The AI reckoning is coming, according to a new analysis from enterprise consultants who've been inside the hype machine. And the core problem isn't that the technology doesn't work - it's that nobody actually knows how to use it effectively, but everyone's been pretending they do.
Dorian Smiley from Codestrap puts it bluntly: "No one knows right now what the right reference architectures or use cases are" and "A lot of people are pretending that they know." That's consultant-speak for "we've sold a lot of AI solutions that aren't actually solving problems."
The specific failures are telling. An AI-generated Rust replacement for SQLite produced 3.7x more code while performing 2,000 times worse. It passed tests. It looked legitimate. It was fundamentally broken. That's not a one-off - it's representative of a broader pattern where AI output appears plausible but collapses under real-world use.

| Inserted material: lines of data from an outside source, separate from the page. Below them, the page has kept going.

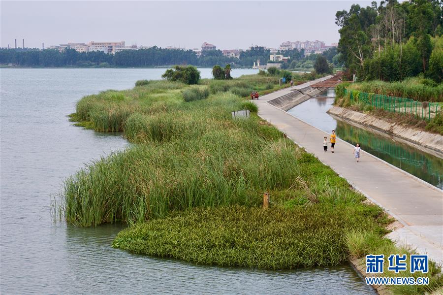 8月4日,几位小朋友走在福建向金门供水工程取水地晋江龙湖湖畔。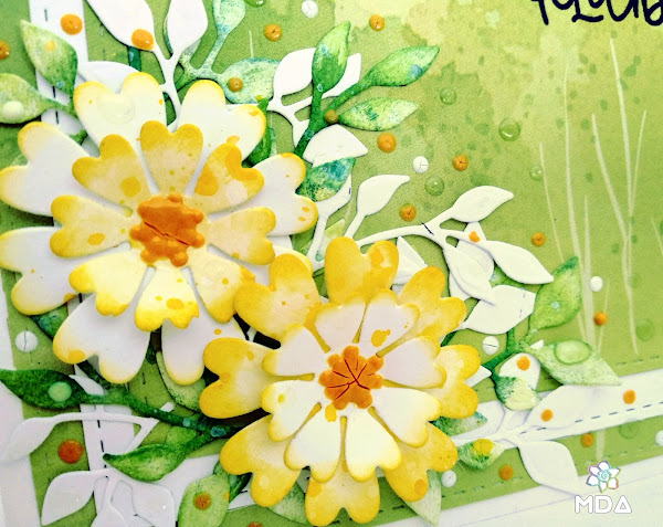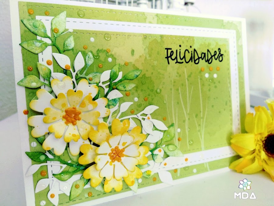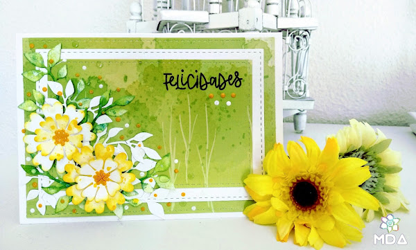 Desafiando al frío que tenemos por aquí, hoy os traigo una tarjeta muy primaveral realizada en tonos verdes y amarillo con la que participo en el 30º reto Desvaneo de Fábrica de Artesanía.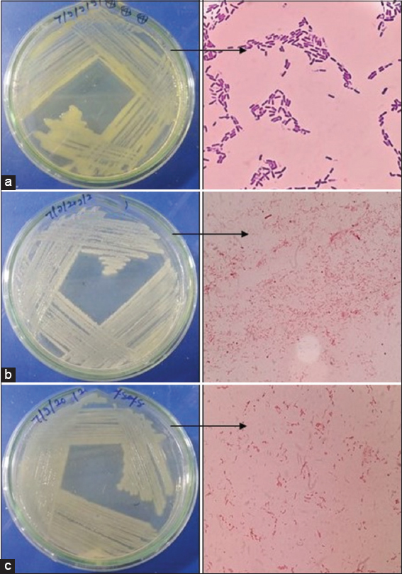 | Figure 1: Pure culture of endophytic bacterial isolates with morphological structure (a) Bacillus cereus (EMS1 and EMS4), (b) Enterobacter cloacae (EMS13, EMS14, and EMS16), (c) Enterobacter hormaechei (EMS18). [Click here to view] |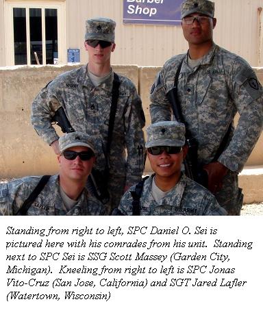SSG Albert P. Nikolao is the proud son of Otila Salanoa and Harrison Nikolao of Falefa, Upolu and Utulei, Tutuila, respectively. Already serving ten years, Nikolao reenlisted for six more years. He says he will definitely do 20 years of service. Nikolao, stationed at Camp Taji, is a member of the HHC 2nd Brigade, 25th Infantry Division Stryker Brigade Combat Team (2/25 SBCT) deployed from Schofield Barracks, Hawaii. Just like SGT Afa, Nikolao is no stranger to deployments. In 2004, he was deployed to Afghanistan. When asked if there was a difference between the two AORs at the "grunt" level, he responded, "In Afghanistan, we didn't have to worry about IEDs; here in Iraq, we do." SSG Nikolao enjoys the traveling involved with the military. He and his sister, Fatuaiga (Air Force) are the only two of the six Nikolao children serving in the military.
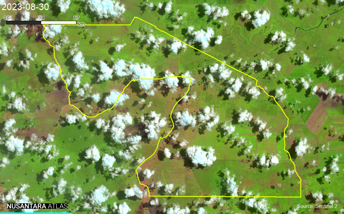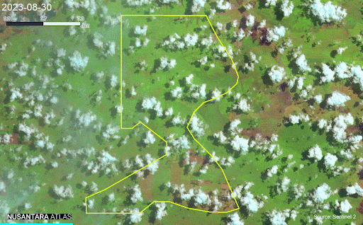 The timelapses below, developed on Nusantara Atlas/TreeMap show a time series of satellite images taken between August 30th – November 13th 2023. Using infrared color, fires and burned areas (dark brown) are clearly visible spreading across the plantation boundaries (yellow).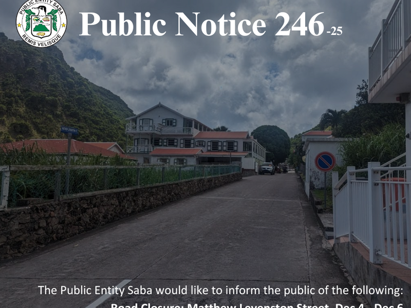 This closure is necessary to facilitate the Saba Day Street Fair, which will take place on Friday December 5th.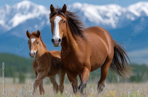 a brown horse and its foal galloping across the grassland, with beautiful scenery in front of them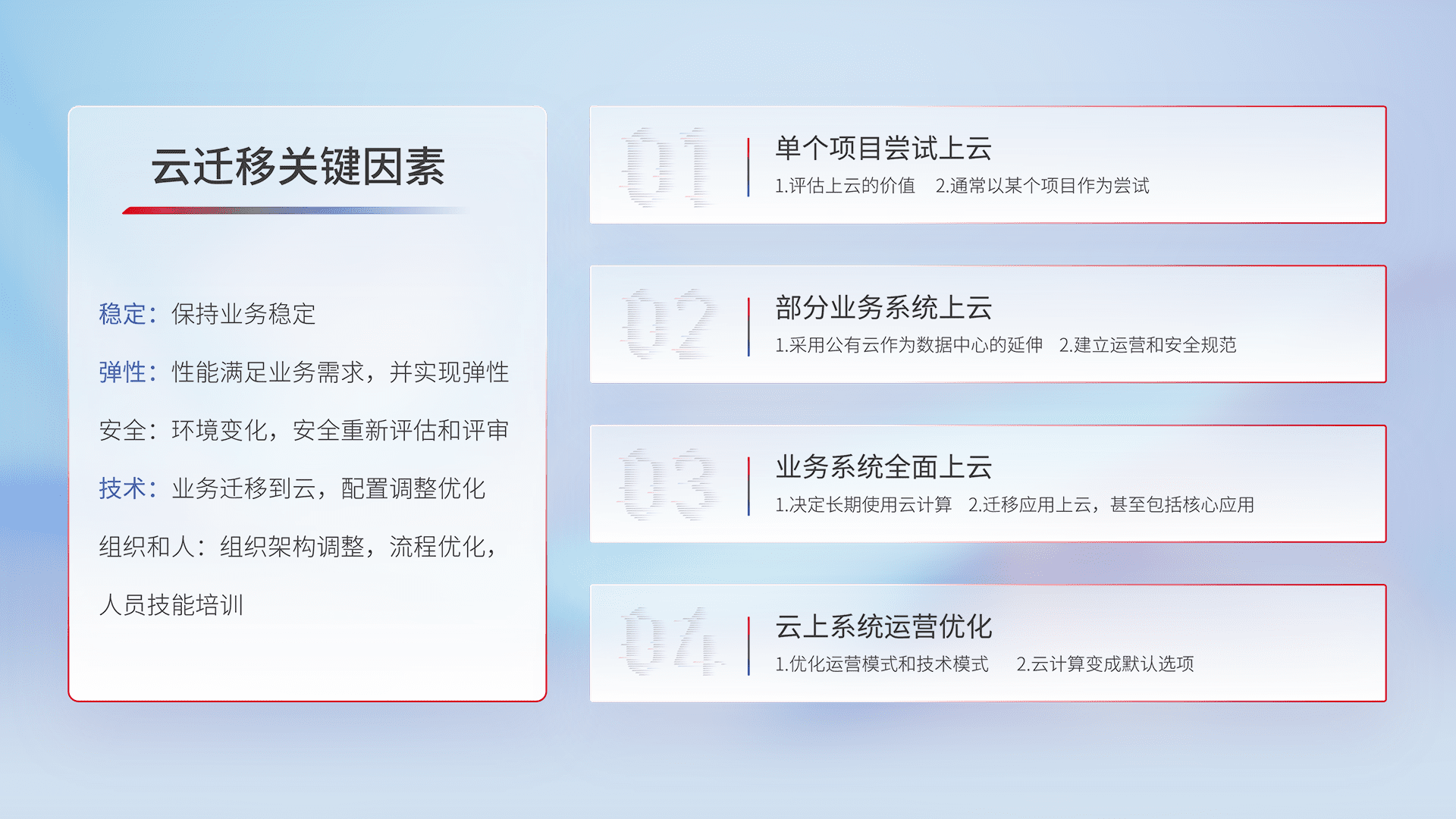 结合实际业务,,,,从规划设计、、云平台选型、、、、云原生改造、、、、数据迁移、、集成交付,,,迁移全过程为客户识别最佳上云路径,,,,做好风险识别管理,,,,设计网络架构、、、身份权限、、、、安全审计合规、、操作审计、、、日志审计、、、、监控告警策略、、、多站点容灾设计等,,,对云上基础设施进行整体规划,,提升IT治理水平,,以满足弹性、、、高可用、、、、高性能的需求。。。。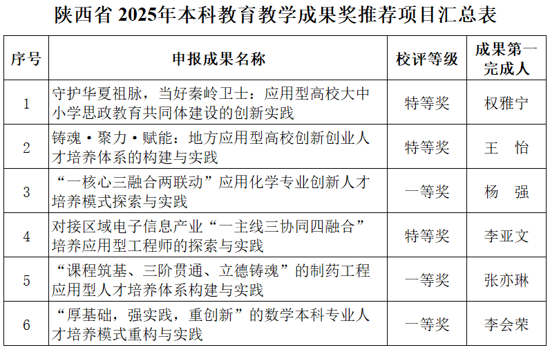 根據《關于開展2025年高等教育教學成果獎評審工作的通知》(陜教函〔2025〕688號)文件精神,我校認真組織開展高等教育教學成果獎申報工作,經各教學單位推薦,校內外專家評審,學校教學工作委員會審定,擬推薦《聚守護華夏祖脈,當好生態衛士:秦嶺腹地大中小學思想政治教育一體化建設的創新實踐》等6個項目(見下表)申報2025年陜西省高等教育教學成果獎,現予以公示。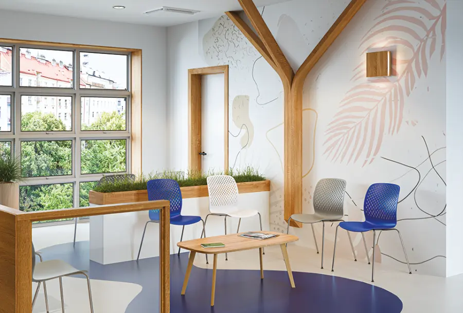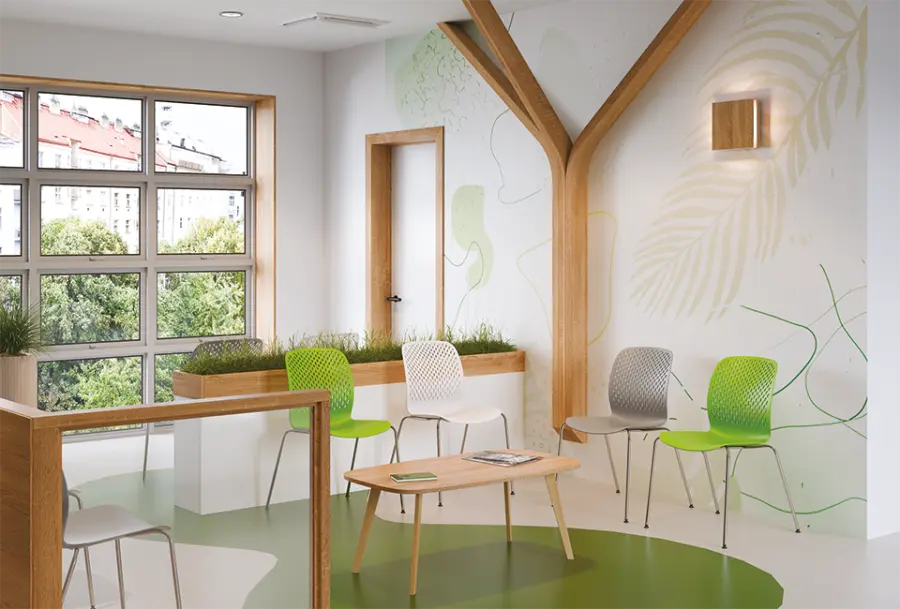 designová plastová židle jemných linií s perforovaným opěrákem, ergonomicky tvarovaný sedák, kovová chromovaná kostra s plastovými kluzáky na ochranu podlahových krytin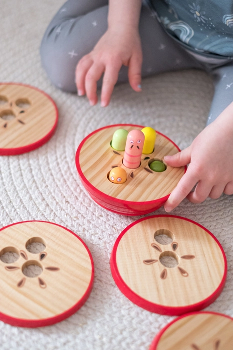 Acest puzzle ingenios îi invită pe copii să așeze straturile astfel încât numărul orificiilor din strat să corespundă numărului de viermișori vizibili din suport. Fiecare viermișor are altă înălțime, astfel încât copiii exersează în mod natural logica, răbdarea și diferențierea formelor și mărimilor.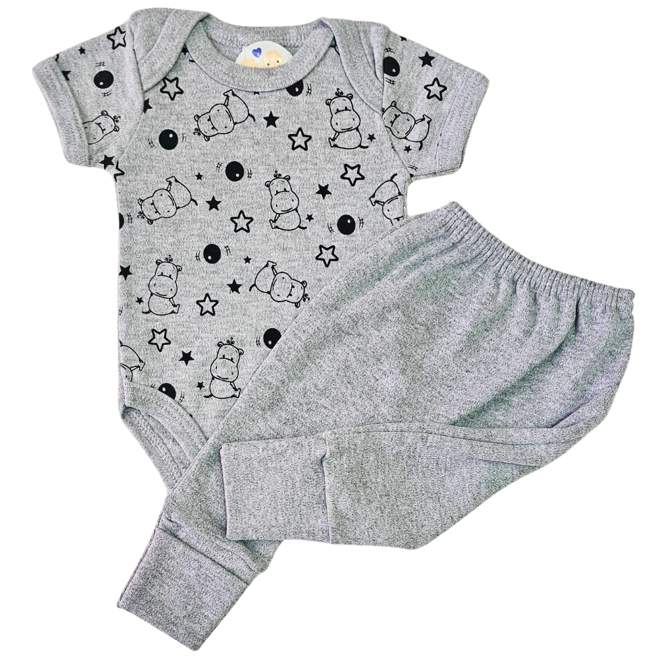 Body e Calça Prematuro Suedine Mescla Fofo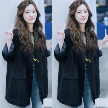 日系黑色小西裝女秋冬小香風寬松休閑百搭西服小個子顯瘦外套上衣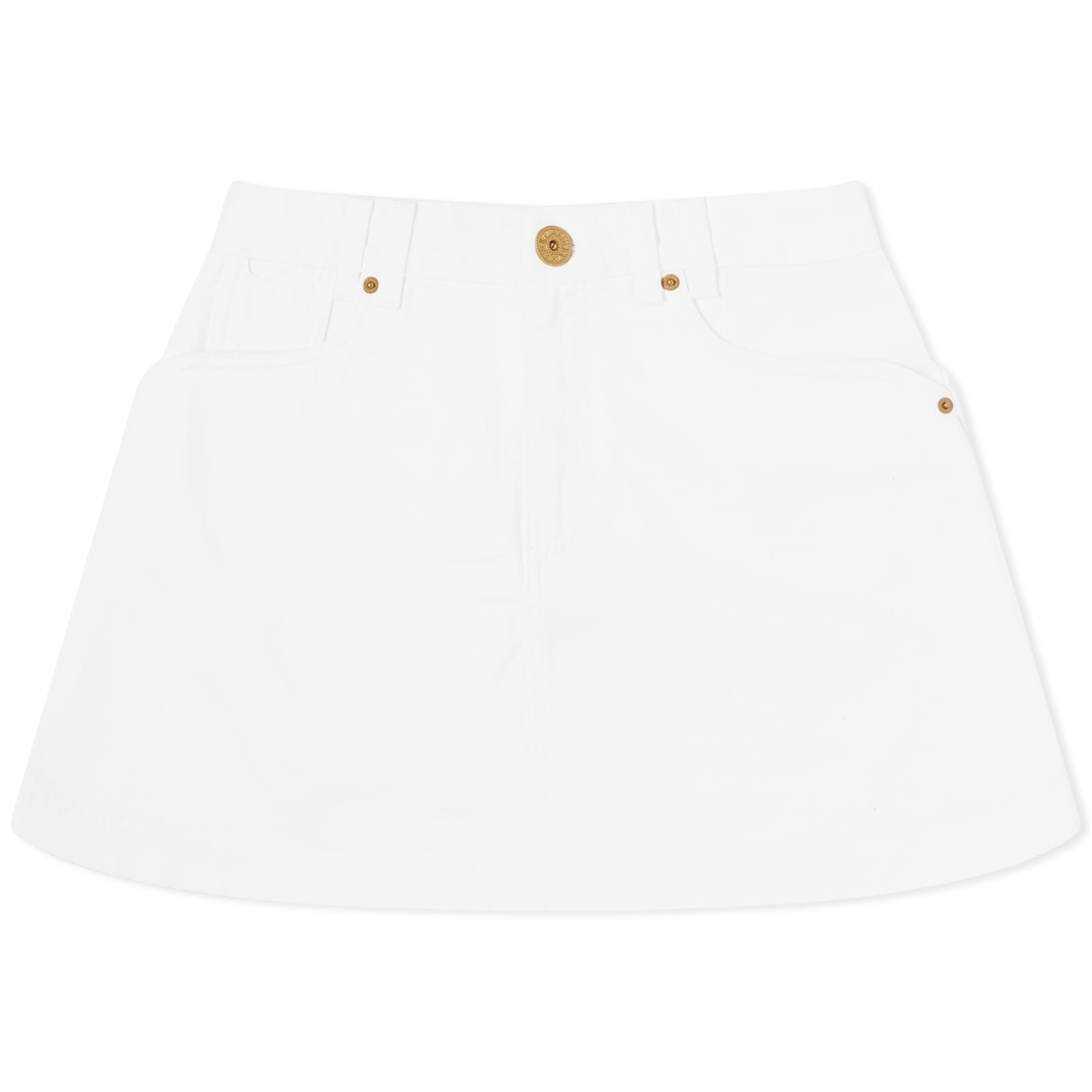 Now under the creative direction of Oliver Rousteing, Balmain revives elegant silhouettes reworked for the modern wardrobe. Inspired by Western style, this denim short skirt is cut from a durable cotton that guarantees longevity. For a premium finishing touch, gold tone button detailing rounds off the design. - 100% Cotton - Belt Loops - Zip Fly - 5 Pocket Detailing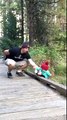 Quand la petite fille perd l'équilibre du haut du pont, la mère ne bouge pas et s'écrie qu'elle a réussi à tout filmer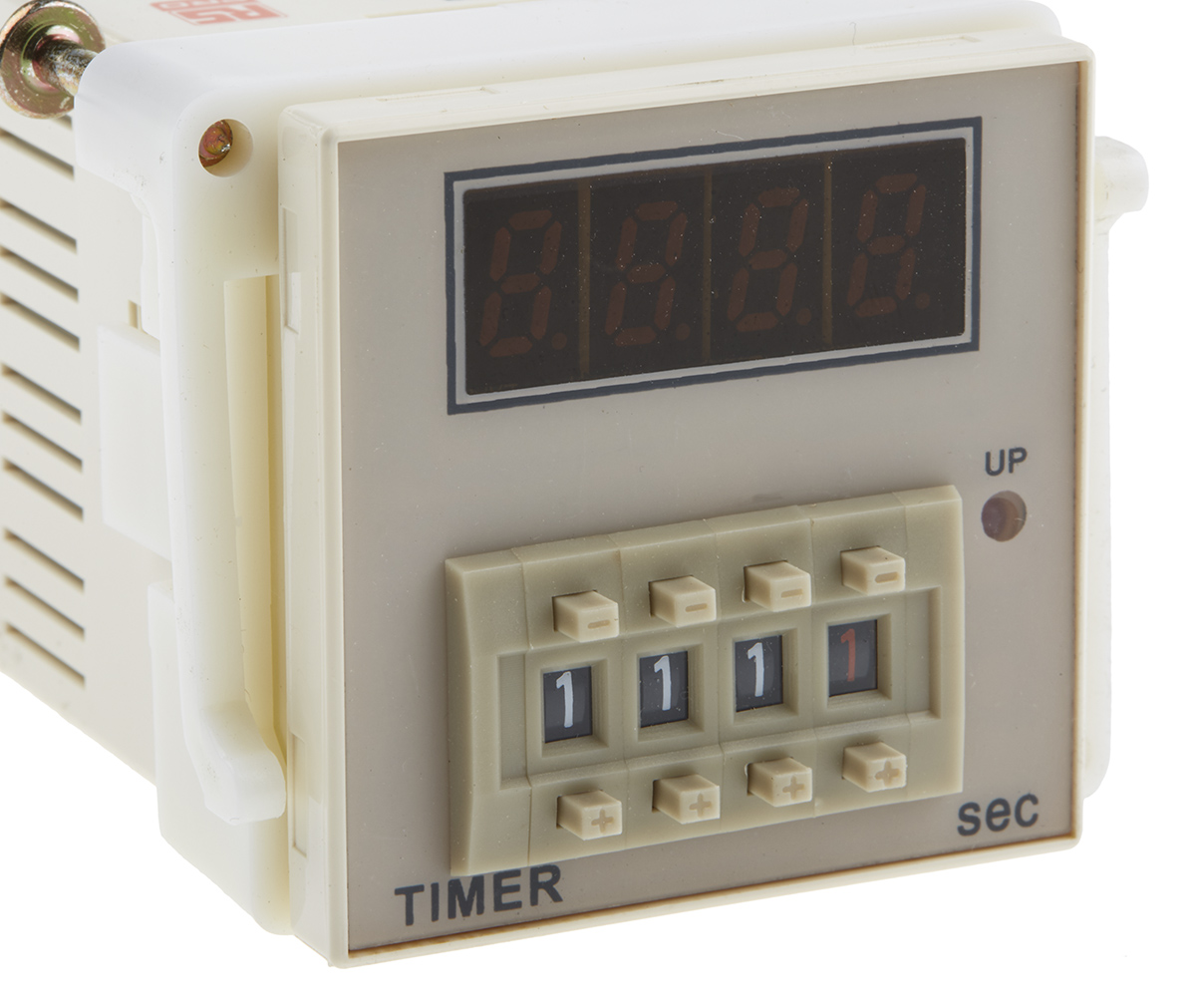 This is TCN. Digital Time Relay. Thumbwheel cont manufactured by RS PRO. The manufacturer part number is 179-2899. It performs basic function of power on-delay. The product contains 1 contacts. The product's switching voltage is 240 v ac. It has a standard 999.9 s time range . The contact is equipped with spdt configuration. Furthermore, the product is 48 mm wide. Its accurate length is 97.4mm. It includes a 1 functions timer . timer relay is a versatile product designed to provide user-defined applications. The terminal is a 8-pin type. It has a plug-in type mount .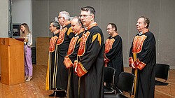 Η Τελετή Απονομής Διπλωμάτων Μηχανικού του Πολυτεχνείου Κρήτης ολοκληρώθηκε με την ομαδική φωτογράφιση των αποφοίτων ανά Σχολή, μαζί με τον Κοσμήτορα, την Γραμματέα και την Πρυτανεία του Ιδρύματος.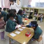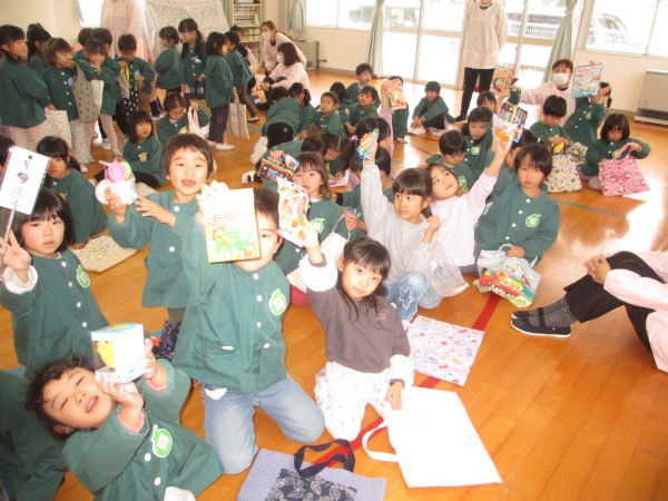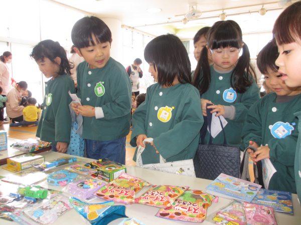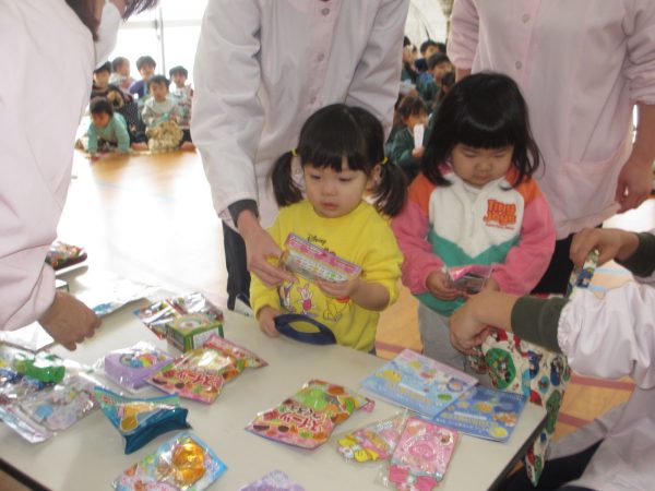 そして、1/29は郵便ごっこの抽選会でした。アタリのシールが付いたハガキを持って抽選会へ。自分のシールがいつ発表されるのか、ハラハラ!ドキドキ💖しながら祈っていた子どもたち。テーブルに並べられた沢山のおもちゃを見て、じっくり選んで決める子、サッと選ぶ子等様々でした。

Or take Deloitte having to refund the Australian government after AI-generated report errors. These aren't startups fumbling with new technology - these are established consultancies deploying AI to clients and discovering it doesn't actually work as advertised.
The measurement problem runs deeper than individual failures. Companies are tracking the wrong metrics entirely - lines of code, number of pull requests, development velocity. As Smiley notes, "Lines of code, number of pull requests, these are liabilities." AI can generate tons of code very quickly. That doesn't mean the code is good, maintainable, or actually solves the right problems.
The technology is impressive. The question is whether anyone actually needs most of what it produces. When your AI coding assistant generates hundreds of lines that look plausible but introduce subtle bugs, are you saving time or creating future problems?
The predicted reckoning looks like this: eight to nine months of mounting quality crises for organizations that went heavy on AI tools. Legal liability from bad AI-generated business advice. Clients demanding discounts when they learn services used AI. And most tellingly, insurance companies removing AI coverage from liability policies.